The project also calls for the construction of new floodwalls to be built along Mountain View segments of Permanente Creek, along with flood protection basins along the creek in Los Altos at Blach middle school and at Rancho San Antonio County Park.
The project promises a complete revamp of McKelvey Park. The Water District will pay for a new baseball field, lowered 15 feet so it can double as flood basin. The plan was welcomed by local Little League teams who were promised new bleachers, a new snack shack, artificial turf and improved lighting, among other amenities. There will also be a playground structure in the revamped park, which currently does not have one.
The project will protect two-thirds of properties at risk in the event of a 100-year flood — which has a 1 percent chance of happening in any given year, said Katherine Oven, deputy operating officer for the district. Numerous property owners will be saved from the expense of buying flood insurance.
In recent months there has been renewed opposition to using the front portion of Cuesta Annex for a flood basin, although the Mountain View City Council approved the basin as part of a broader conceptual plan for the Annex in 2008. Much of the opposition has to do with a handful of old trees in the Annex that will be removed in order to make way for the flood basin. The basin will cover 7.5 acres and reach a depth of 21.5 feet deep in some places. Water District officials have promised to make improvements to the Annex, including new trails and landscaping.

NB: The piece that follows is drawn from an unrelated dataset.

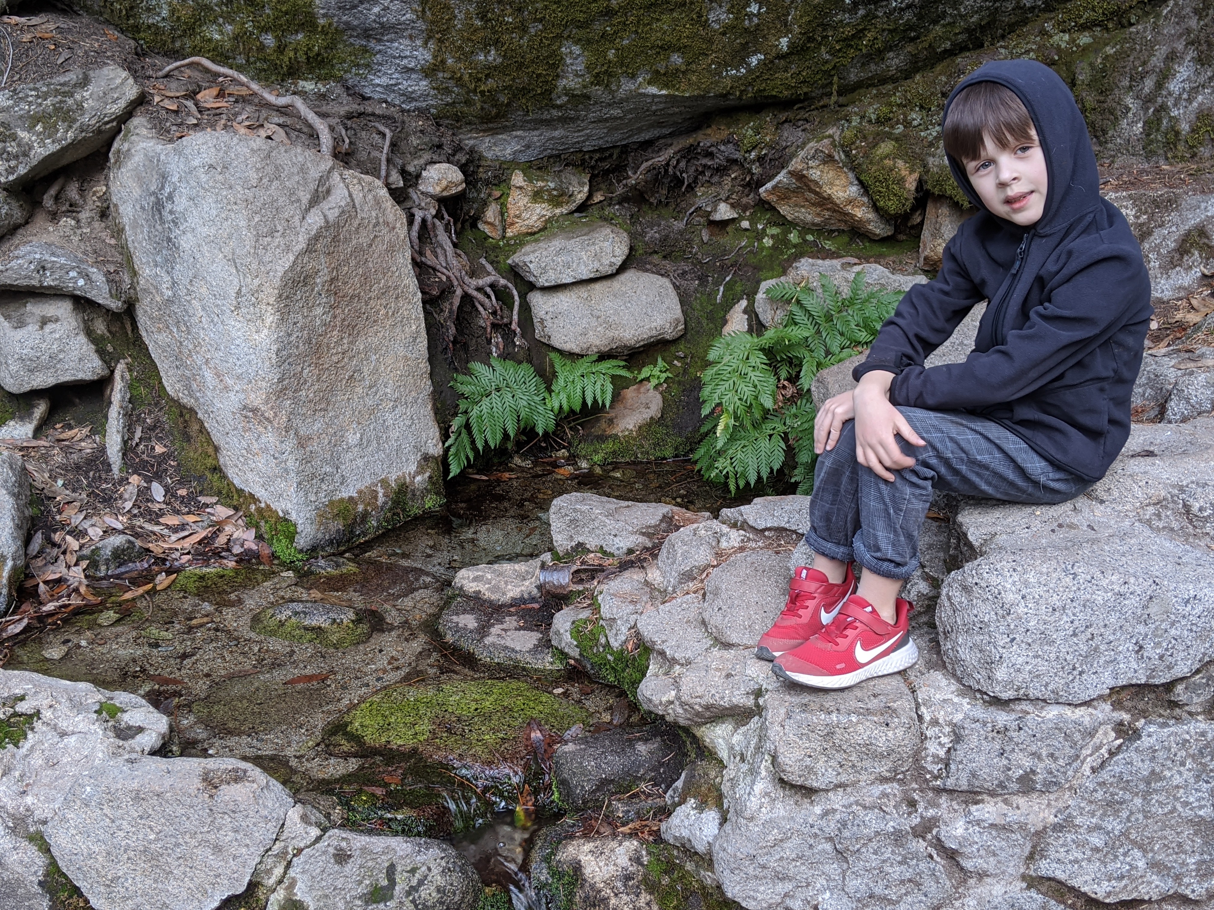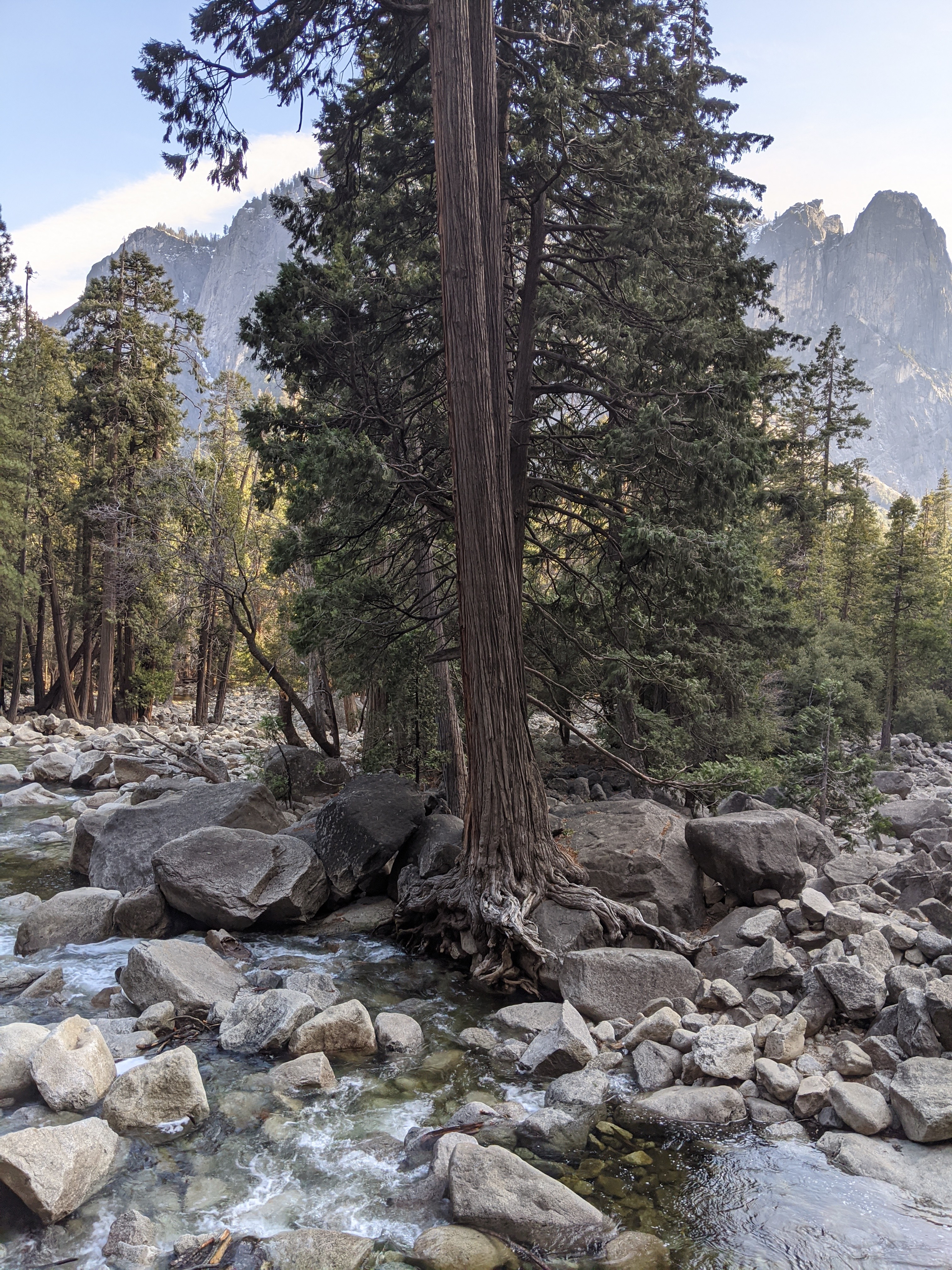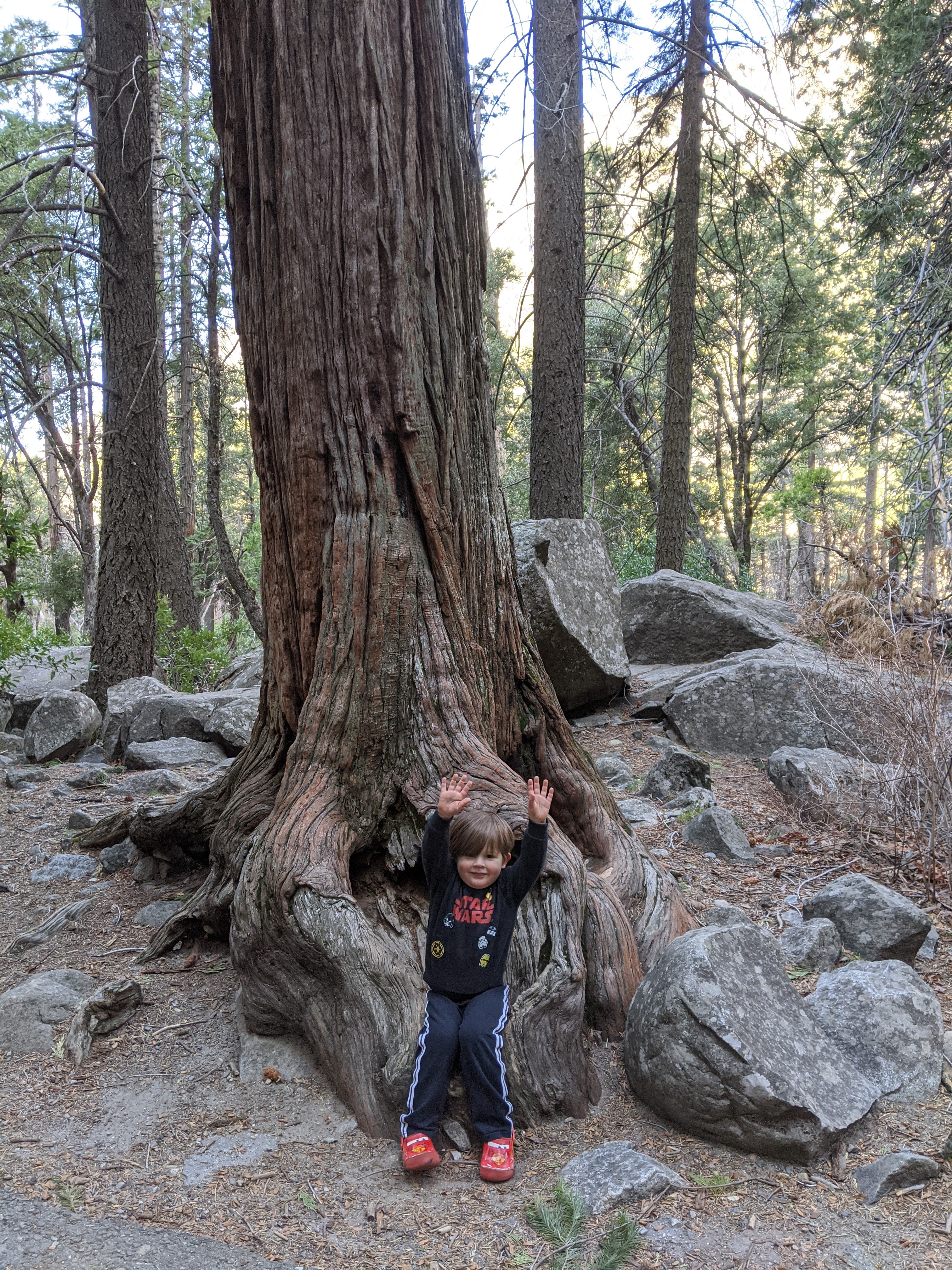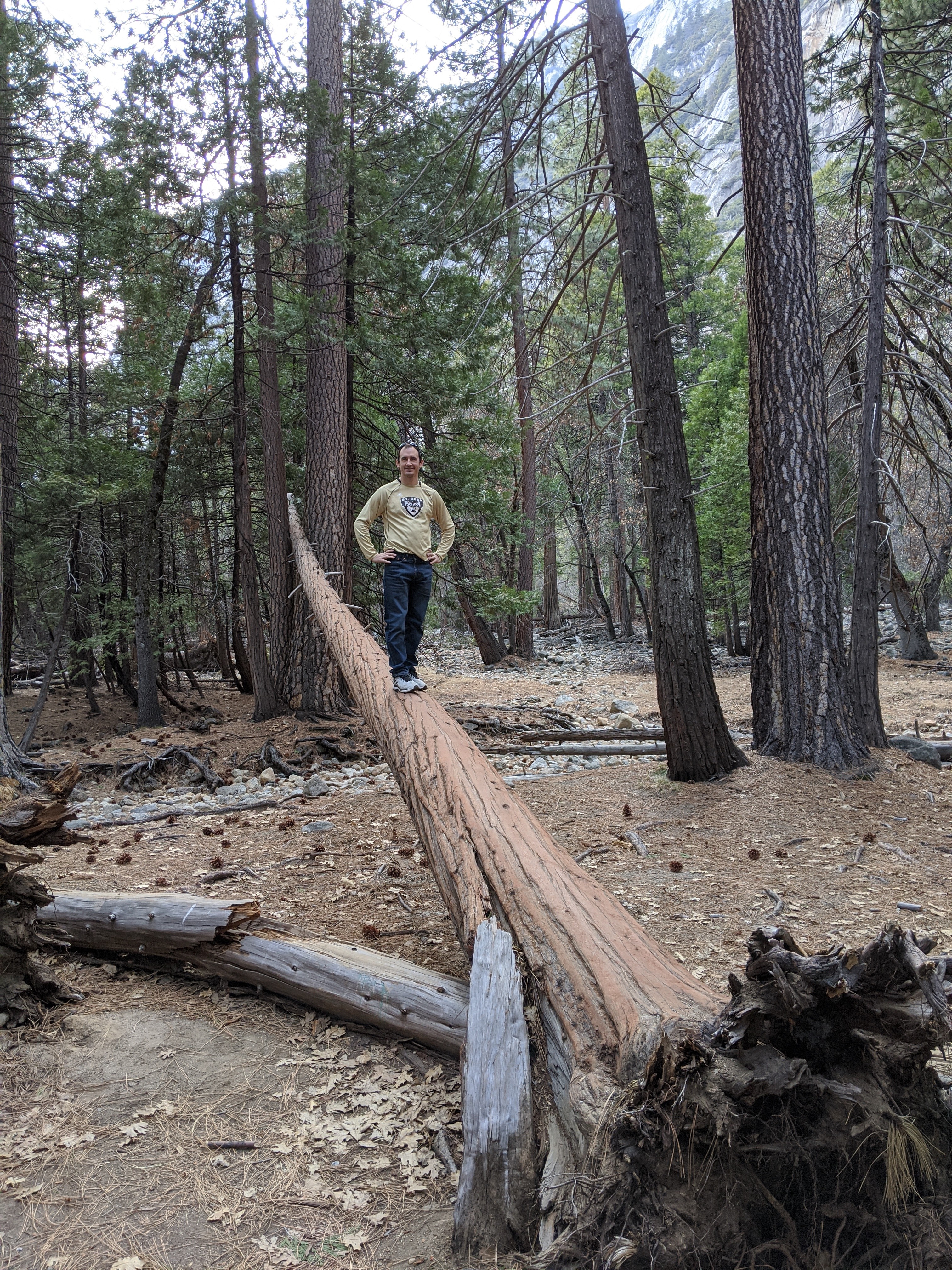 We spent two nights in Yosemite, and it was not enough. We had glorious weather, that begged we stay outside, so we did. We arrived in the early afternoon, and parked across the meadow from Yosemite Falls. We ate our lunch gazing across the dormant grasses at the series of falls, and craning up at the top edges of the hanging valleys all around. We walked to Yosemite Falls, Bridal Veil Falls, and halfway to Vernal Falls. Horsetail was, alas, dry, so no firefalls for us this year. Bob and Henry woke up early to climb up some part of Yosemite Falls, and saw a bobcat! A raccoon visited our balcony, and Grant attempted to let it in. All in all, it was an adventure. Selected pictures:

The project, which Santa Clara Valley Water District planners estimate will cost about $40 million, will be funded by the Clean, Safe Creeks and Natural Flood Protection Act approved by voters in 2000. The approved project expands on the original goal of protecting 1,600 properties.
An environmental impact report for the project was approved in June. It showed little environmental impact from the project aside from construction noise and traffic from trucks carrying loads of dirt from the Annex and Blach Middle School down Grant Road.
Oven said she is excited that the project is moving forward.
"When that big flood comes, everybody will realize that this is important that we did this, because we staved off disaster by putting these measures in place," she said.
The Water District reported in November that the entire project would likely take five to six years to complete, with individual projects taking six months to two years.